Habituellement, dans la convention d’appel Windows, le premier paramètre d’une fonction est passé via le registre RCX. Cependant, lors de l’utilisation directe d’un syscall pour invoquer une fonction du noyau, le premier paramètre doit être passé dans le registre R10 au lieu de RCX. Cette spécificité est due au fait que le contenu du registre RCX est modifié lors de l’exécution de l’instruction syscall.

Une deuxième spécificité, est que le registre eax devrait contenir l’identifiant du syscall. La liste de ces identifiants est activement maintenue sur ce site.

Ces appels système sont détectables à travers une analyse statique du binaire. Ils sont également détectables par un EDR qui voit qu’une instruction syscall provient d’un espace mémoire n’appartenant pas à ntdll.dll.

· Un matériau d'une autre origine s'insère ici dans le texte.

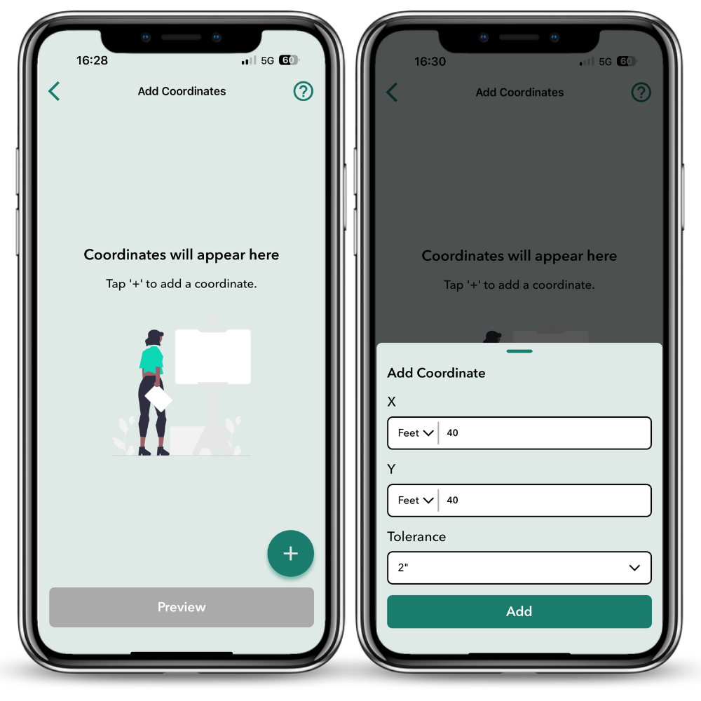 Appen kommer att uppmana dig att mäta in referenskanten innan den guidar dig till de inmatade koordinaterna.

Lors de l’utilisation de syscalls directs, la pile d’appels présente une anomalie notable : l’exécution du syscall et son retour se produisent dans l’espace mémoire du malware du processus en cours d’exécution, plutôt que dans la mémoire de ntdll.dll.

Indirect direct syscalls

Pour éviter qu’une instruction provienne de l’espace mémoire de notre process, il suffirait de trouver cette instruction dans l’espace mémoire de ntdll.dll et l’appeler depuis notre programme.

        mov r10, 0 ;premier paramètre
        mov rdx, 0 ;deuxième paramètre
        mov eax, XX ; le numero de l'appel système
        call [ADR_DE_SYSCALL_DANS_NTDLL]

Les syscalls indirects, produisent une pile d’appels qui ressemble davantage à celle d’un processus légitime. Dans ce cas, l’exécution du syscall et l’instruction de retour se déroulent dans la mémoire de ntdll.dll, ce qui est le comportement attendu pour des processus d’application normaux. Cette approche rend la détection plus difficile pour les `qui se basent uniquement sur l’analyse de la zone mémoire d’où proviennent les syscalls et leurs retours.

Se défendre

La connaissance de cette technique sert autant pour les équipes offensives que défensives. Pour une équipe défensive, la simple connaissance de son existence leur permettra d’identifier rapidement les binaires l’utilisant à travers une analyse manuelle du binaire ou moyennant un code basique d’émulation.

Détection par ETW (Event Tracing for Windows) : Les EDR avancés qui utilisent ETW peuvent analyser la pile d’appels complète. Même si les syscalls indirects produisent une pile d’appels plus légitime en apparence, ETW peut encore révéler des anomalies subtiles dans la structure globale de la pile.